Big, heavy raindrops slamming down forcefully on bare dirt wash a lot of soil
into the waterways. Also, when a lot of rain falls in a short time, the ground
is unable to absorb it all. The water runs off the surface, washing through
lawns, yards and streets and down hills, picking up pollutants, sediment and
trash as it heads toward our streams and rivers. And, if an area is mostly
covered with asphalt and pavement, so-called impervious surfaces, runoff rates are even higher.
There are important things to do in your backyard, in your
town and in new developments to lessen the impacts of greater and heavier
precipitation on water quality.
One of the most important strategies in your yard or in your
town is to plant and maintain riparian
buffers, dense planted areas next to streams and ponds. The vegetation breaks
the force of the water as it falls preventing it from eroding as much soil. Buffers
also slow the water’s rush downhill and filter out pollutants.

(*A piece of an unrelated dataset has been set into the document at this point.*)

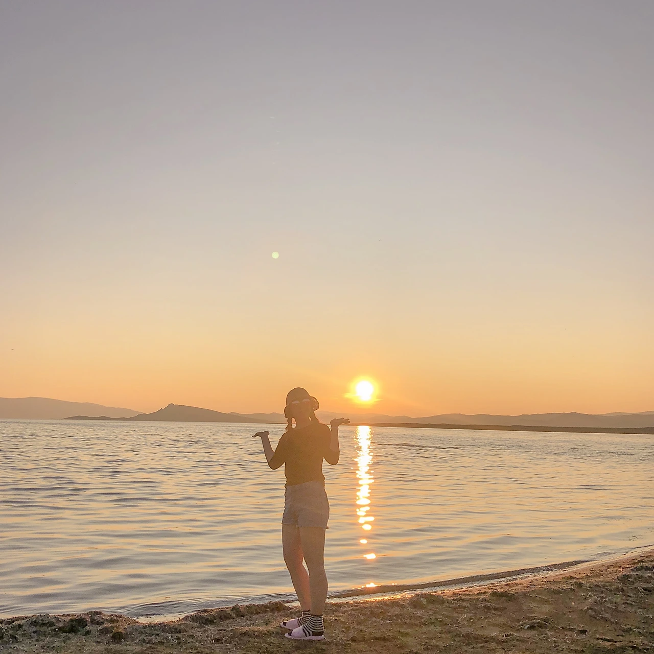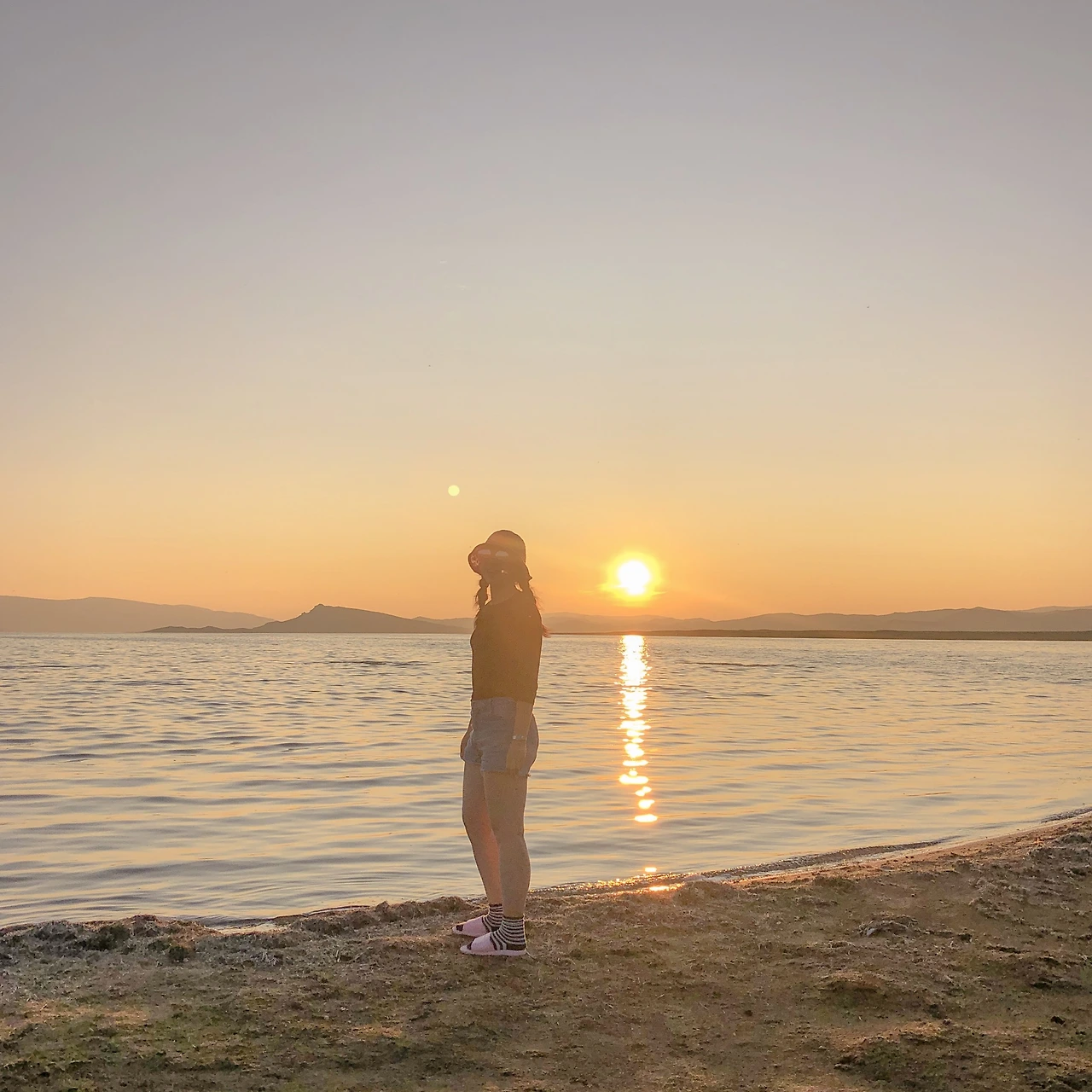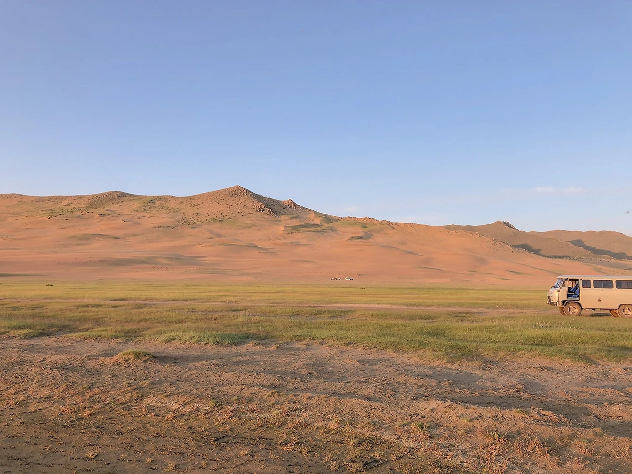 따뜻한 색으로 해가 지는 모습. 차에만 너무 오래 있었더니 몸은 고단했지만 일몰을 보니 정신이 말짱 돌아왔다! 차에 앉아만 있던 우리보다는 운전에 집중하던 기사님이 더 힘드실 게 분명하지만ㅠㅠㅠ 사진은 저녁 6시쯤으로 보이지만 사실 9시가 훌쩍 넘은 시간이었다. 게르 캠프에 도착하고, 경치를 구경하고, 짐을 풀고 정리하다 보니 저녁 식사는 11시가 넘어서 시작했다. 피곤했지만 여행 중에 처음으로 하늘이 맑은 날이라 다 같이 별을 바라보다 사진을 찍고 잠에 들었다.

Rain garden next to Great Herring Pond in Plymouth, MA |
Individual homeowners and municipalities can also maintain
grassy swales, or vegetated ditches
that run along contours, where water can collect during a storm, travel more
slowly to waterways and percolate into the soil. Another common tool is the rain garden, a
depression in the soil planted with a variety of native plants to filter and
uptake greater quantities of water while also beautifying an area and providing
food for pollinating insects.
Wherever your town is considering allowing new developments,
it is very important to keep climate change in mind to keep water quality high.
Reducing the amount of allowable impervious surface promotes a healthy
watershed. This can be done by clustering houses together and leaving natural
areas free from development, which can then double as recreation amenities,
such as hiking trails.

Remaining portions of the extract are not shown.